→ **Problem description**
Leave out every picture, then transcribe the rest of the listing exactly.

→ **Information provided**
________________________________________

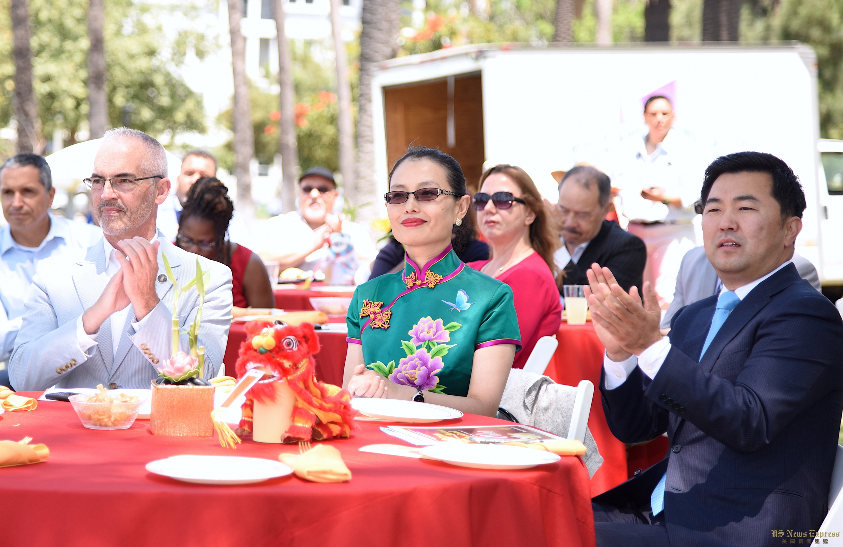 柳大卫和欧非洛作为市议员,每年都组队参加荷花节的龙舟比赛,今年也不例外。回声公园湖所在地是欧非洛的选区,欧菲洛当天表示,“回声公园是洛杉矶的地标,今年我们在这里庆祝中国文化。中国与我们共享一片太平洋,是我们的朋友和邻居,我们将在这里度过一个美好的荷花节周末!”
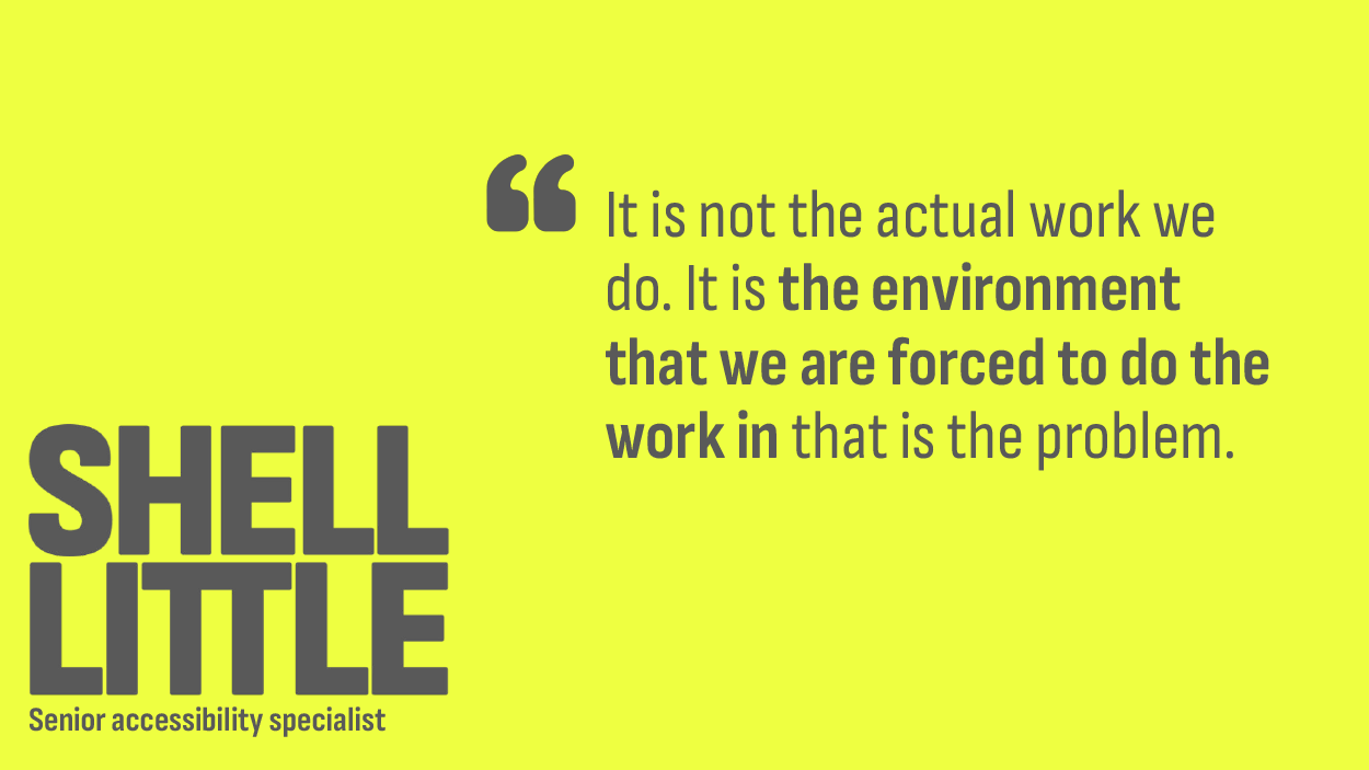 To that point, I’d also like to quote senior accessibility specialist Shell Little. It’s from her excellent talk, The Accessibility to Burnout Pipeline.
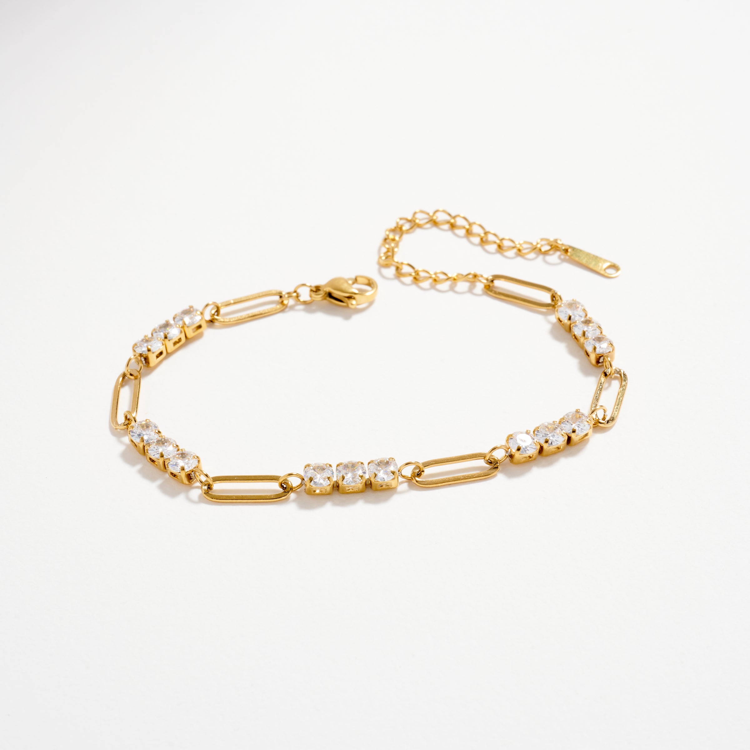 Gold-Tone CZ Link Chain Bracelet – Dainty Adjustable Crystal Paperclip Bracelet
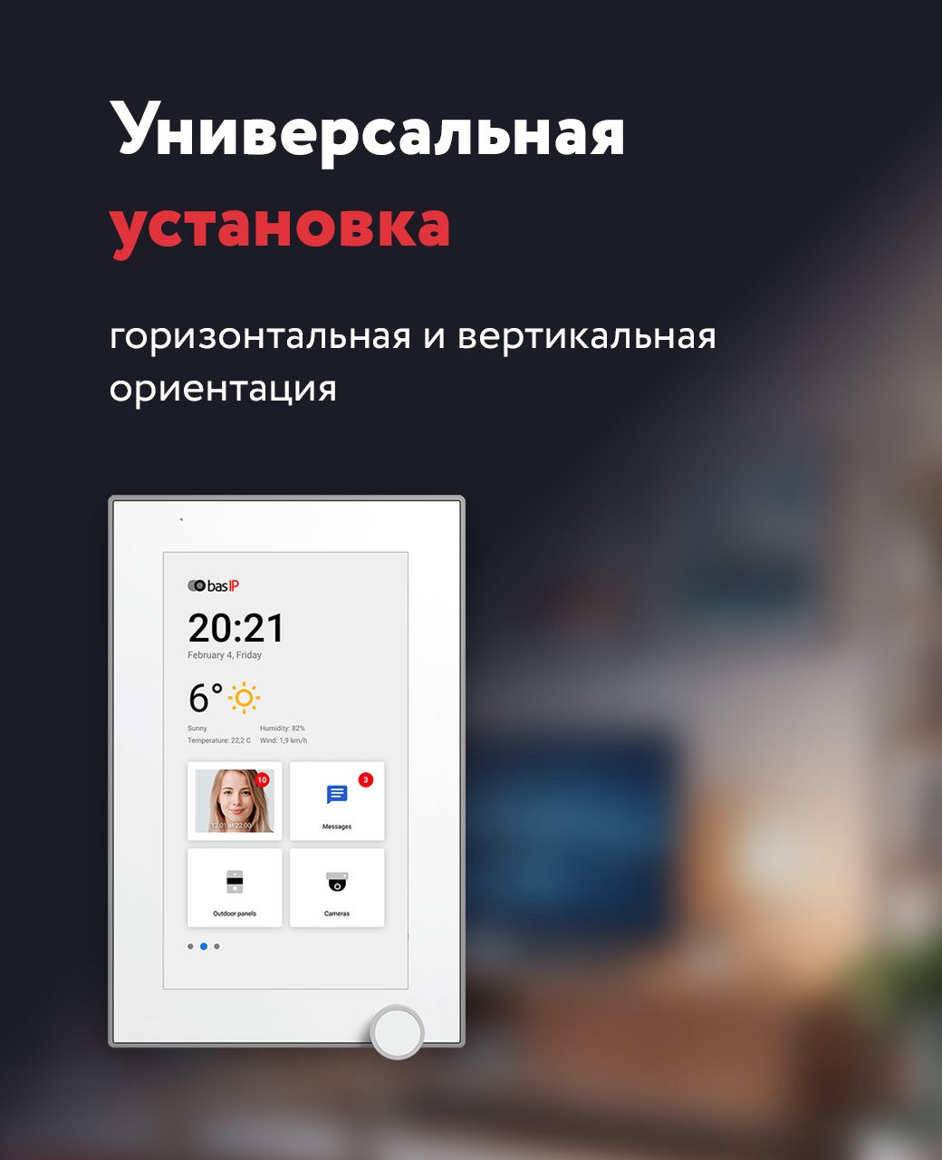 - Функции: управление лифтом, отображение сообщений от управляющей компании, аудиоинтерком.

________________________________________

→ **Expected answer**
 柳大卫和欧非洛作为市议员,每年都组队参加荷花节的龙舟比赛,今年也不例外。回声公园湖所在地是欧非洛的选区,欧菲洛当天表示,“回声公园是洛杉矶的地标,今年我们在这里庆祝中国文化。中国与我们共享一片太平洋,是我们的朋友和邻居,我们将在这里度过一个美好的荷花节周末!”
 To that point, I’d also like to quote senior accessibility specialist Shell Little. It’s from her excellent talk, The Accessibility to Burnout Pipeline.
 Gold-Tone CZ Link Chain Bracelet – Dainty Adjustable Crystal Paperclip Bracelet
 - Функции: управление лифтом, отображение сообщений от управляющей компании, аудиоинтерком.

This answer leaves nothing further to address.